Inspite of issuance of notice, none appeared on behalf of the assessee at the time of hearing, therefore, we proceed to decide the appeal ex parte qua the assessee after hearing the Ld. DR on merit in terms of Rule 24 of the Appellate Tribunal Rules, 1963.
In this appeal, the first and the foremost plea of the assessee is that the CIT(A) erred in disposing the appeal of the assessee ex parte without deciding on merits of the grounds raised before him.
In brief, the relevant facts are that assessee is an individual whose return of income for Assessment Year 2010-11 was subject to scrutiny assessment whereby the total income was assessed at Rs.1,77,22,266/- as against the returned income of Rs.4,62,130/-. In the scrutiny assessment, various additions were made to the returned income, which were challenged in appeal before the CIT(A). CIT(A) has dismissed the appeal without going into the merits of the case as according to him assessee was not interested in pursuing the appeal. As per CIT(A) nobody appeared on behalf of the assessee inspite of issuing of notice of hearing.
At the time of hearing, it was pointed out to the Ld. DR that the CIT(A) has dismissed the appeal without deciding on merits the grounds raised before him, which is unsustainable. It was therefore pointed out that the matter deserves to be revisited by the CIT(A) as per law.

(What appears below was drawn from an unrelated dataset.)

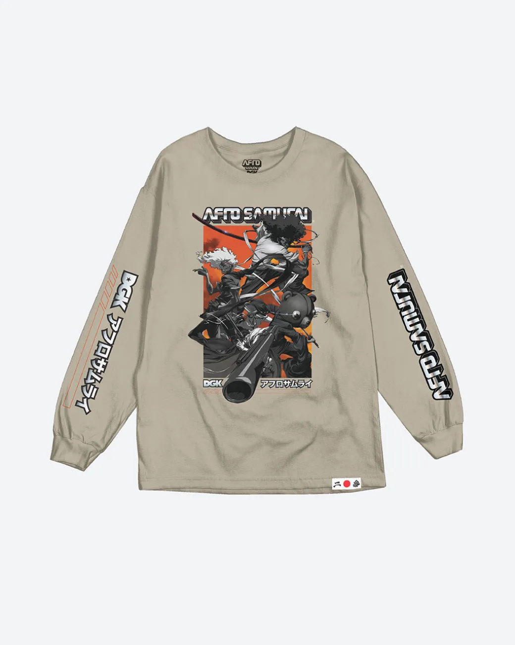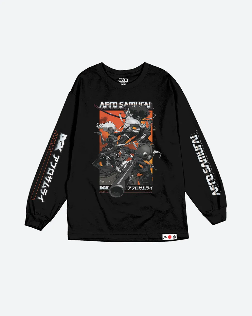 100% Cotton Longsleeve T-Shirt / Classic Fit / Printed Chest, Sleeve & Back Art / Dgk x Afro Samurai Official Custom Art / Small Woven Dgk x Afro Samurai Label

Having considered the impugned order and the submissions of the Ld. DR, we find that in the present case the appeal of the assessee has been dismissed by the Commissioner (Appeals) without going into the merits of the issues raised before him. Sec. 250(6) of the Act prescribes that the order of the Commissioner (Appeals) disposing of the appeal shall be in writing and shall state the points for determination, the decision thereon and the reasons for such a decision. Ostensibly, the CIT(A) is obligated to dispose of the appeal in the manner prescribed in Sec. 250(6) of the Act, which requires that the issues raised before him by way of the Grounds of appeal are addressed, decision rendered thereon by stating the reasons for such a decision. The said approach is conspicuous by its absence in the impugned order of the CIT(A), wherein the appeal has been dismissed in limine without adverting to the merits of the Grounds of appeal raised before him. Therefore, on this count itself, the impugned order of CIT(A) is unsustainable. Be that as it may, we deem it fit and proper to set-aside the impugned order of CIT(A) and remand the appeal back to his file for adjudication afresh as per law after allowing the assessee a reasonable opportunity of being heard.
7. Before parting, we may also state that the CIT(A) has not condoned the delay in filing of appeal. This aspect shall also be revisited by the CIT(A) in the ensuring remand proceedings after hearing the assessee, as per law.
In the result, appeal of the assessee is allowed, as above.
Order pronounced in the open court on 12th August, 2016.